In his talk Start with Why: How Great Leaders Inspire to Take Action Simon Sinek reminds us a simple truth about the core of sales process (applicable to teacherpreneurship), “People don’t buy what you do; they buy why you do it.”

 

"Why" is your strategy. "What" is your tactics.

In the military vocabulary there’s a huge difference between strategy and tactics. Strategy stands for a plan that helps you achieve bigger/overall goal. It’s your direction, your map, something you refer to if you’ve got the why question.

 

Tactics is a series of daily tasks you do as a part of your strategy. Tactics can vary. Strategy remains the same. When there’s a question of why this and not that task, you go back to the strategy.

 

Teacherpreneurs look at marketing gurus, read their blogs and listen to their podcasts, but what they see are some random tactics from a part of somebody’s strategy.

 

They implement them without knowing the full strategy. Tactics may work. But the overall goal isn’t reached.

 

#Teacherpreneurs: following someone's steps to success won't guarantee the same results. #strategyClick To Tweet

 

***

Ready to develop your own strategy for your product or program? Check out my mini-course for actionable tips: 

 

plan your launches mini-course image

 

So what do you do with all of this now?

Do you have a strategy? I asked somebody months ago. The answer was, “You mean, what email marketing service I use?”

 

Here’re a few questions to help you navigate through your teacherpreneurial struggles when tactics don’t seem to work. Disclaimer: answering questions may not necessarily help you form a strategy right now, but they will indicate whether or not you have it.

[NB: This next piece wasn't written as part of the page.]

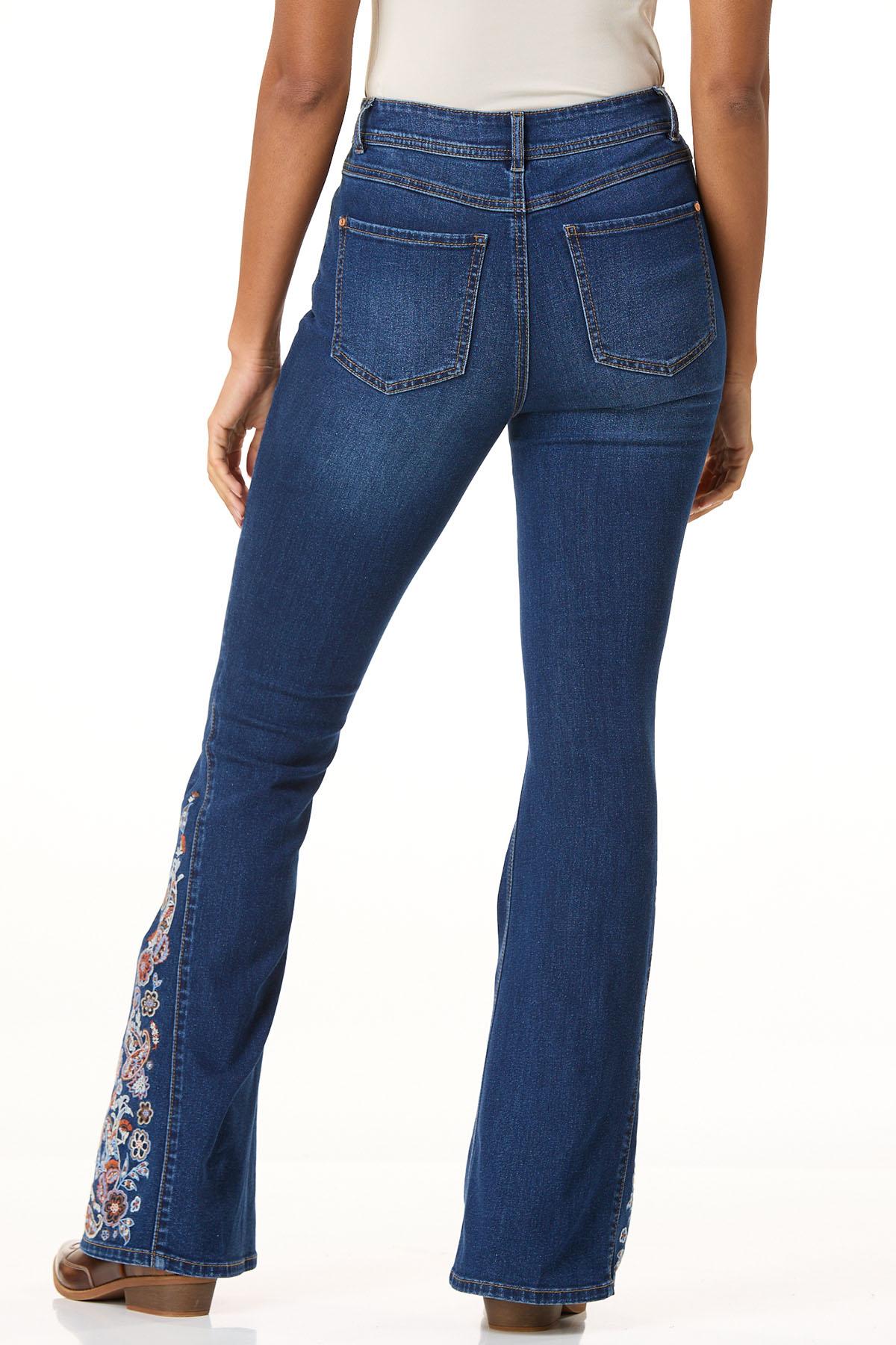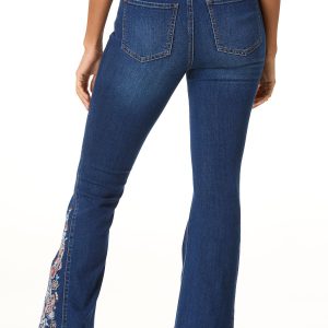 Elevate your denim game with these high-rise flare jeans in a rich dark wash. A bold floral paisley embroidered inset adds a vintage twist, turning every step into a statement.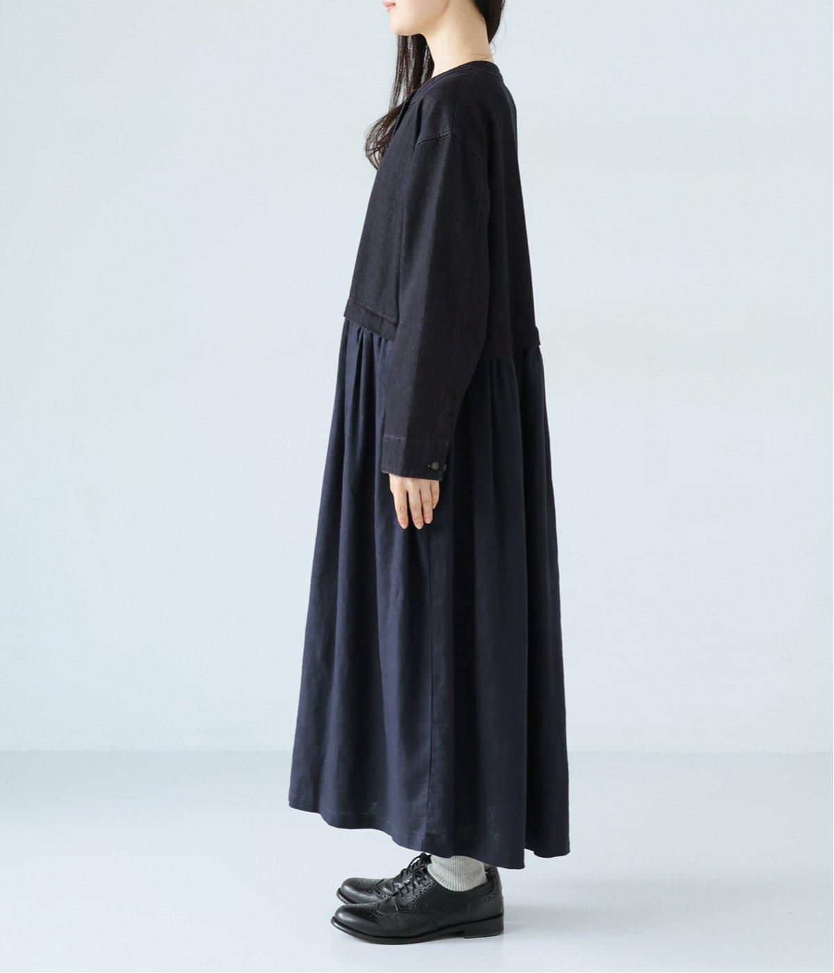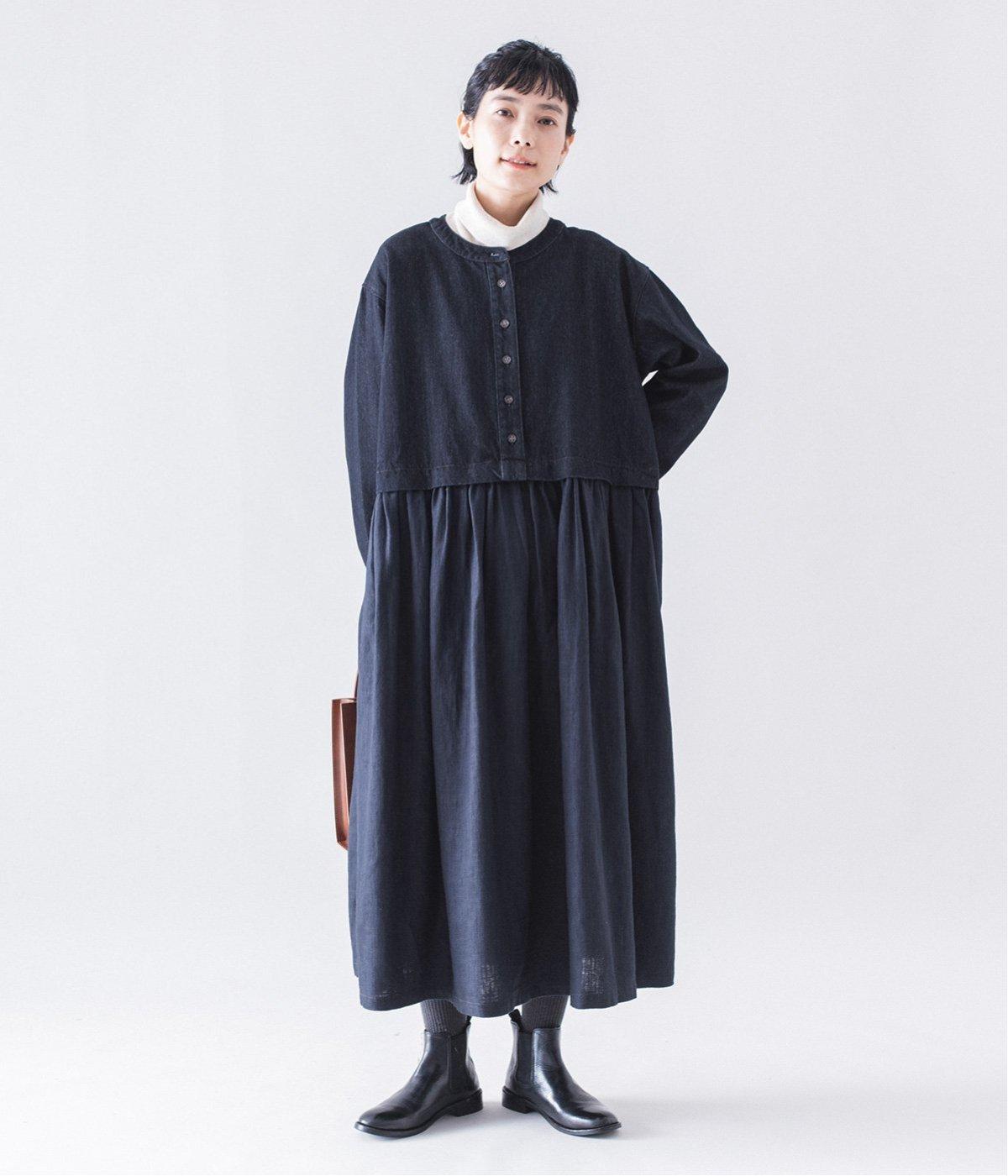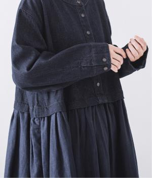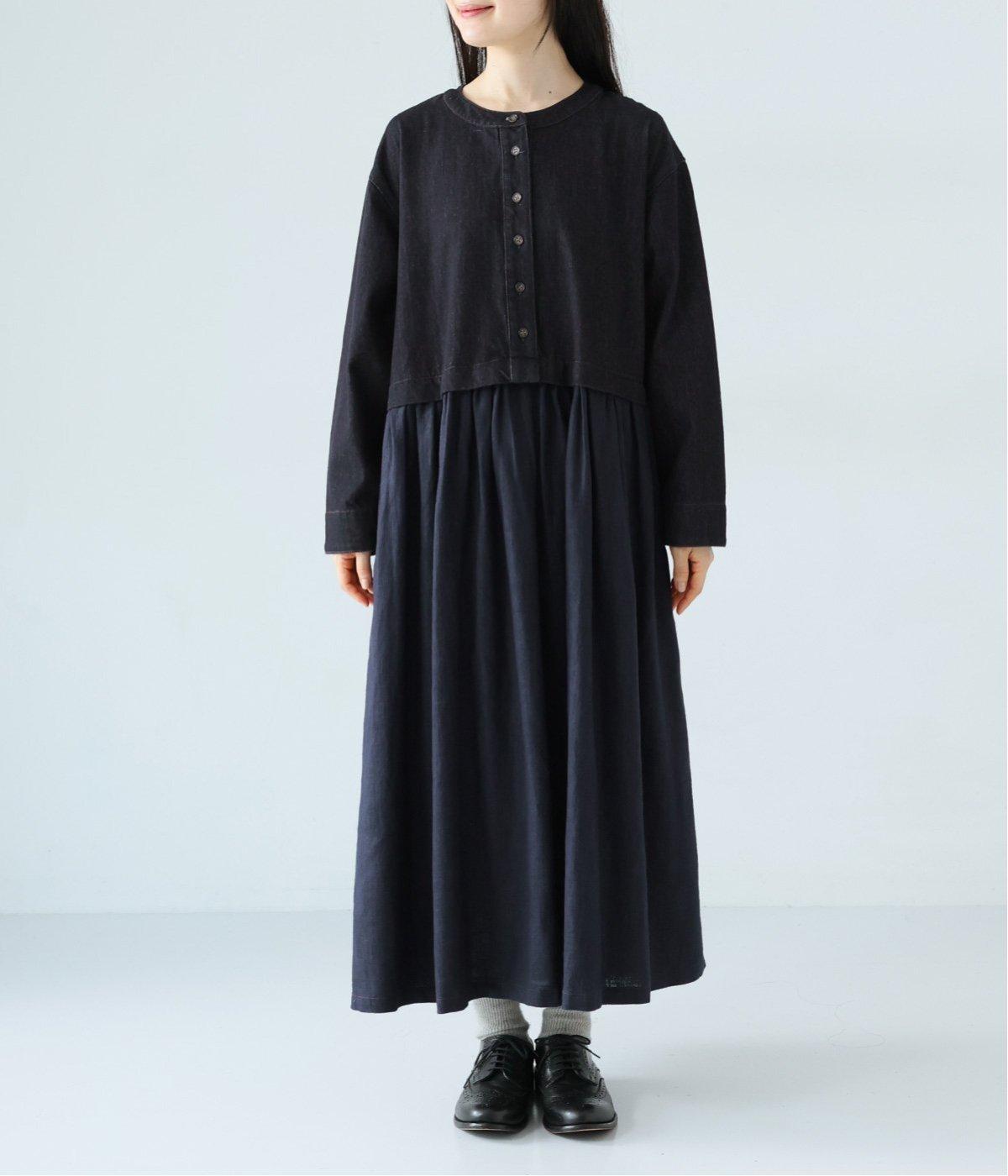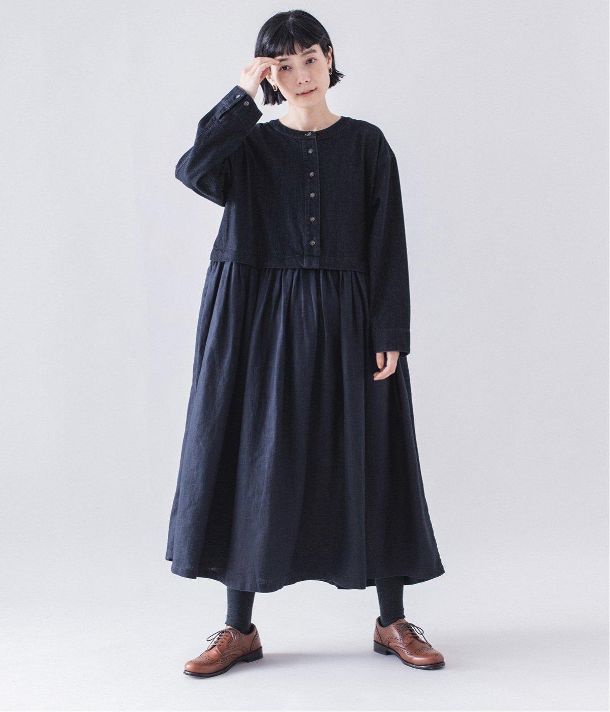 デニムとコットンリネンを掛け合わせた、異素材の切り替えが新鮮なワンピース。ふんわりと広がるAラインが動くたびにやさしく揺れ、重ね着次第でさまざまな着こなしを叶えます。

  • Do you know where you’re going or are you figuring things out as you go?
  • Can you easily identify your niche and your ideal client?
  • Why are you teaching XYZ online?
  • What is the core message of all of your content?
  • Do you know where you’ll be in 1 year and are you sure you’ll actually get there?

Depending on the answers to these questions you may discover that somebody else’s patchy tactics may not help you achieve your goals. It may help that marketer achieve her goals, but it will only drain your energy and waste your time.

 

Make your bold step forward and create your strategy, your own road map. The benefit of taking the time to do it is that you’ll force yourself to ask important questions about your business, and as a result you’ll craft the strategy unique to you that will translate into results.

 

You will no longer feel like a fake or a scam or an impostor. You will be you, and that’s what your clients want. Most importantly, being you will feel liberating and empowering, and once you discover that, you’ll begin seeing small rewards for your hard work.

 

The post was updated in April, 2021.